(Beginning of STORED DATA)
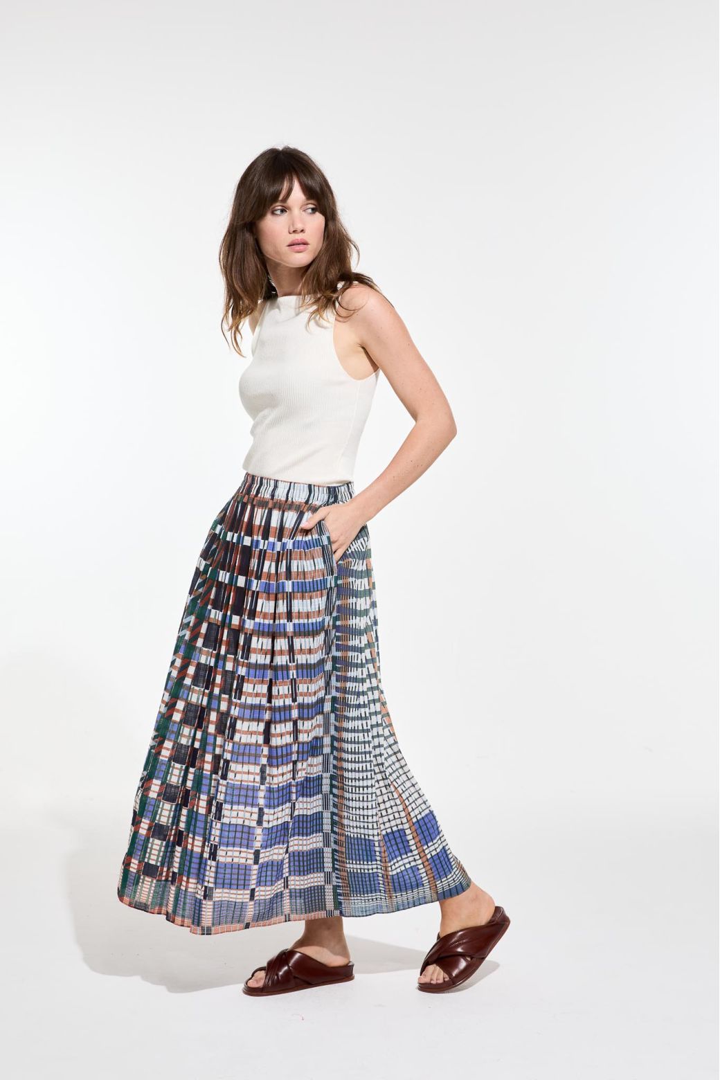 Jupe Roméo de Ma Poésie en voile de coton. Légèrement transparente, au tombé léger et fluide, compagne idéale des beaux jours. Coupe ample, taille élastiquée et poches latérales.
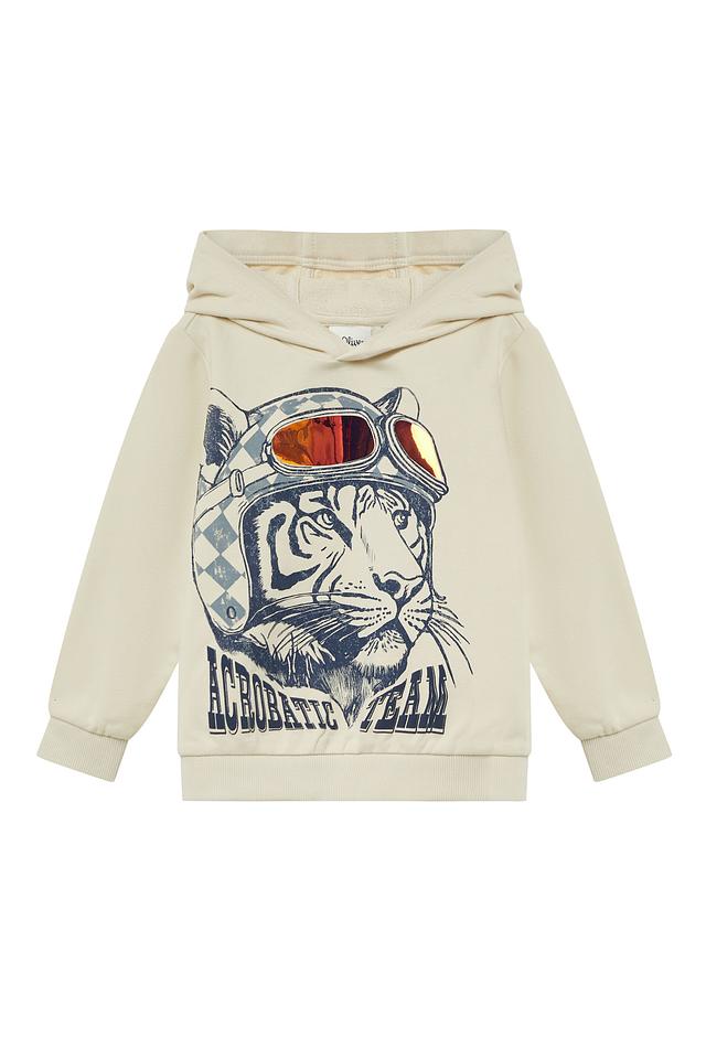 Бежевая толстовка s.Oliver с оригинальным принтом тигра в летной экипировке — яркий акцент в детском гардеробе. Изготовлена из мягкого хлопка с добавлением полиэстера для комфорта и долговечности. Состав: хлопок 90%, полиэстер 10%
(End of STORED DATA)
(Beginning of STORED DATA)
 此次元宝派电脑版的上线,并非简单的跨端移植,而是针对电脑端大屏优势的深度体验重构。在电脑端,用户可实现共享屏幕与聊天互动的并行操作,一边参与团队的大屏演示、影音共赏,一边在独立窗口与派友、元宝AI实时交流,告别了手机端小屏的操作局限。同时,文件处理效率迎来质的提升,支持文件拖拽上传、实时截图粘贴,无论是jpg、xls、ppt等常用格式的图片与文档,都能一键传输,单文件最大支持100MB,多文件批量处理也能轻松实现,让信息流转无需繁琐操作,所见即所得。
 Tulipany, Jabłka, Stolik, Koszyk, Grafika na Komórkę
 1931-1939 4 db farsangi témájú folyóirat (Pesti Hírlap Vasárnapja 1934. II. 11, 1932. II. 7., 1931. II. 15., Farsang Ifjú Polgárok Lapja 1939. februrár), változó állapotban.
(End of STORED DATA)
WHAT TO DO: Transcribe the records above from the line holding "此次元宝派电脑版的上线,并非" down to the line holding "Tulipany, Jabłka, Stolik, Koszyk, Grafika", inclusive, without adding anything.

EXERCISE OUTPUT:
 此次元宝派电脑版的上线,并非简单的跨端移植,而是针对电脑端大屏优势的深度体验重构。在电脑端,用户可实现共享屏幕与聊天互动的并行操作,一边参与团队的大屏演示、影音共赏,一边在独立窗口与派友、元宝AI实时交流,告别了手机端小屏的操作局限。同时,文件处理效率迎来质的提升,支持文件拖拽上传、实时截图粘贴,无论是jpg、xls、ppt等常用格式的图片与文档,都能一键传输,单文件最大支持100MB,多文件批量处理也能轻松实现,让信息流转无需繁琐操作,所见即所得。
 Tulipany, Jabłka, Stolik, Koszyk, Grafika na Komórkę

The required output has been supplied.